RegDiffusionTrainer#
- class regdiffusion.RegDiffusionTrainer(exp_array, cell_types=None, T=5000, start_noise=0.0001, end_noise=0.02, time_dim=64, celltype_dim=4, hidden_dims=[16, 16, 16], init_coef=5, lr_nn=0.001, lr_adj=None, weight_decay_nn=0.1, weight_decay_adj=0.01, sparse_loss_coef=0.25, adj_dropout=0.3, batch_size=128, n_steps=1000, train_split=1.0, train_split_seed=123, device='cuda', compile=False, evaluator=None, eval_on_n_steps=100, logger=None)[source]#
Initialize and Train a RegDiffusion model.
For architecture and training details, please refer to our paper.
> From noise to knowledge: probabilistic diffusion-based neural inference
You can access the model through RegDiffusionTrainer.model.
- Parameters:
exp_array (np.ndarray) – 2D numpy array. If used on single-cell RNAseq, the rows are cells and the columns are genes. Data should be log transformed. You may also want to remove all non expressed genes.
cell_types (np.ndarray) – (Optional) 1D integer array for cell type. If you have labels in your cell type, you need to convert them to interge. Default is None.
T (int) – Total number of diffusion steps. Default: 5,000
start_noise (float) – Minimal noise level (beta) to be added. Default: 0.0001
end_noise (float) – Maximal noise level (beta) to be added. Default: 0.02
time_dim (int) – Dimension size for the time embedding. Default: 64.
celltype_dim (int) – Dimension size for the cell type embedding. Default: 4.
hidden_dim (list) – Dimension sizes for the feature learning layers. We use the size of the first layer as the dimension for gene embeddings as well. Default: [16, 16, 16].
init_coef (int) – A coefficent to control the value to initialize the adjacency matrix. Here we define regulatory norm as 1 over (number of genes - 1). The value which we use to initialize the model is init_coef times of the regulatory norm. Default: 5.
lr_nn (float) – Learning rate for the rest of the neural networks except the adjacency matrix. Default: 0.001
lr_adj (float) – Learning rate for the adjacency matrix. By default, it equals to 0.02 * gene regulatory norm, which equals 1/(n_gene-1).
weight_decay_nn (float) – L2 regularization coef on the rest of the neural networks. Default: 0.1.
weight_decay_adj (float) – L2 regularization coef on the adj matrix. Default: 0.01.
sparse_loss_coef (float) – L1 regularization coef on the adj matrix. Default: 0.25.
adj_dropout (float) – Probability of an edge to be zeroed. Default: 0.3.
batch_size (int) – Batch size for training. Default: 128.
n_steps (int) – Total number of training iterations. Default: 1000.
train_split (float) – Train partition. Default: 1.0.
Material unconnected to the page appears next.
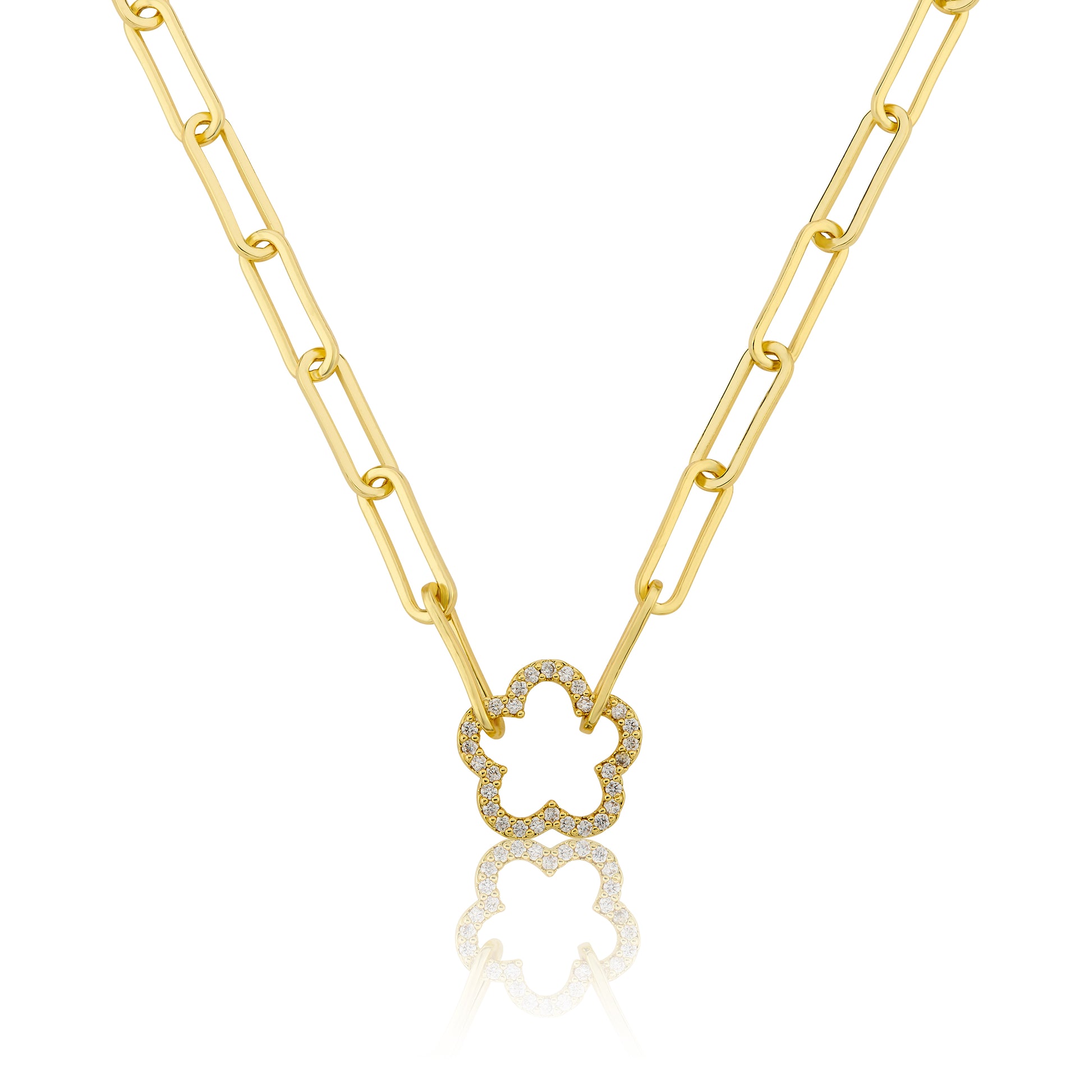 14K Gold Plated Links Chain Necklace With Cz Open Flower Center Wholesale

train_split_seed (int) – Random seed for train/val partition. Default: 123
device (str or torch.device) – Device where the model is running. For example, “cpu”, “cuda”, “cuda:1”, and etc. You are not recommended to run this model on Apple’s MPS chips. Default is “cuda” but if you only has CPU, it will switch back to CPU.
compile (boolean) – Whether to compile the model before training. Compile the model is a good idea on large dataset and ofter improves inference speed when it works. For smaller dataset, eager execution if often good enough.
evaluator (GRNEvaluator) – (Optional) A defined GRNEvaluator if ground truth data is available. Evaluation will be done every 100 steps by default but you can change this setting through the eval_on_n_steps option. Default is None
eval_on_n_steps (int) – If an evaluator is provided, the trainer will run evaluation every eval_on_n_steps steps. Default: 100.
logger (LightLogger) – (Optional) A LightLogger to log training process. The only situation when you need to provide this is when you want to save logs from different trainers into the same logger. Default is None.
- forward_pass(x_0, t)[source]#
Forward diffusion process
- Parameters:
x_0 (torch.FloatTensor) – Torch tensor for expression data. Rows are
genes (cells and columns are)
t (torch.LongTensor) – Torch tensor for diffusion time steps.
- get_adj()[source]#
Obtain the adjacency matrix. The values in this adjacency matix has been scaled using regulatory norm. You may expect strong links to go beyond 5 or 10 in most cases.
- get_grn(gene_names, tf_names=None, top_gene_percentile=None)[source]#
Obtain a GRN object. You need to provide the genes names.
- Parameters:
gene_names (np.ndarray) – An array of names of all genes. The order of genes should be the same as the order used in your expression table.
tf_names (np.ndarray) – An array of names of all transcriptional factors. The order of genes should be the same as the order used in your expression table.
top_gene_percentile (int) – If provided, we will set the value on weak links to be zero. It is useful if you want to save the regulatory relationship in a GRN object as a sparse matrix.